Chapter Two: Eleanor Rigby

I'll wait at BAR Neely's...

James sat on the bed in the trailer and opened up his map. Where would that be?

Indeed, there was a place called Neely's Bar on this map, wedged into a corner. It was several blocks away, and what scared him the most was that he would have to go back out with those things skulking the streets...

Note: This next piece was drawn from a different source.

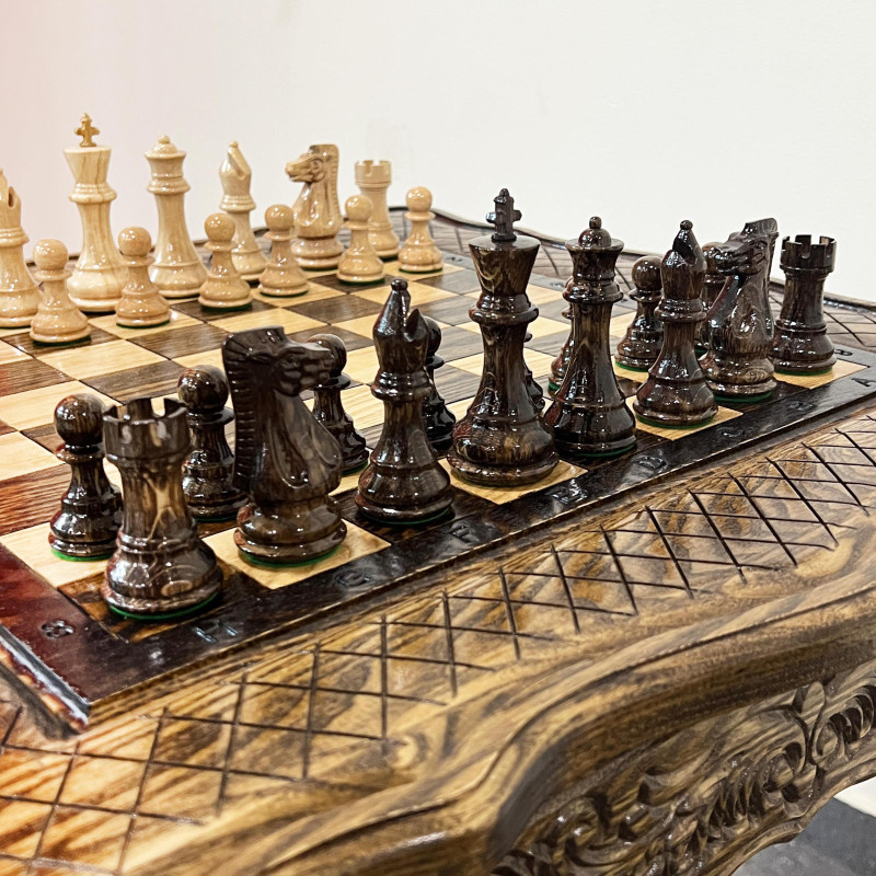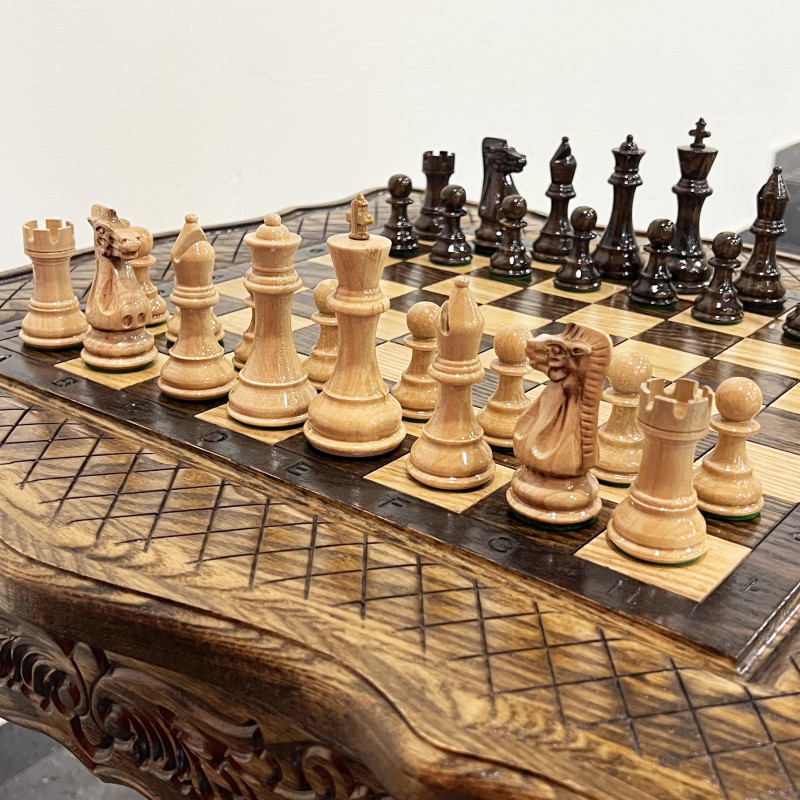 Купить шахматный стол, турнирные шахматные столы, подарочные шахматы ручной работы можно в нашем магазине в Москве и в Санкт Петербурге. Получить дополнительную информацию и помощь в выборе шахмат можно по телефону у наших специалистов +7 (495) 662-99-14

He took a deep breath and and stood, spending a few more minutes of mental preparation in the trailer before he headed out. With only a wooden plank to defend himself. One could argue it was better than nothing, but after a few confrontations with those creatures, the wood had begun to splinter and break. He wondered how long it would last. He could use his fists, sure, but they were really fast when they were knocked down, and they were smart enough to anticipate kicks and punches. Before he could hit them, they would gargle and spit at him. He was lucky he managed not to breathe in the mist, but their breath burned right through skin..

His upturned hands embellished not only his splinters from gripping the wood so tightly, but the abrasions and open sores from coming in contact with the poisonous gas.

They were scattered throughout the streets, but he could at least run past most of them until he reached a more secure area, and better yet, a more effective weapon.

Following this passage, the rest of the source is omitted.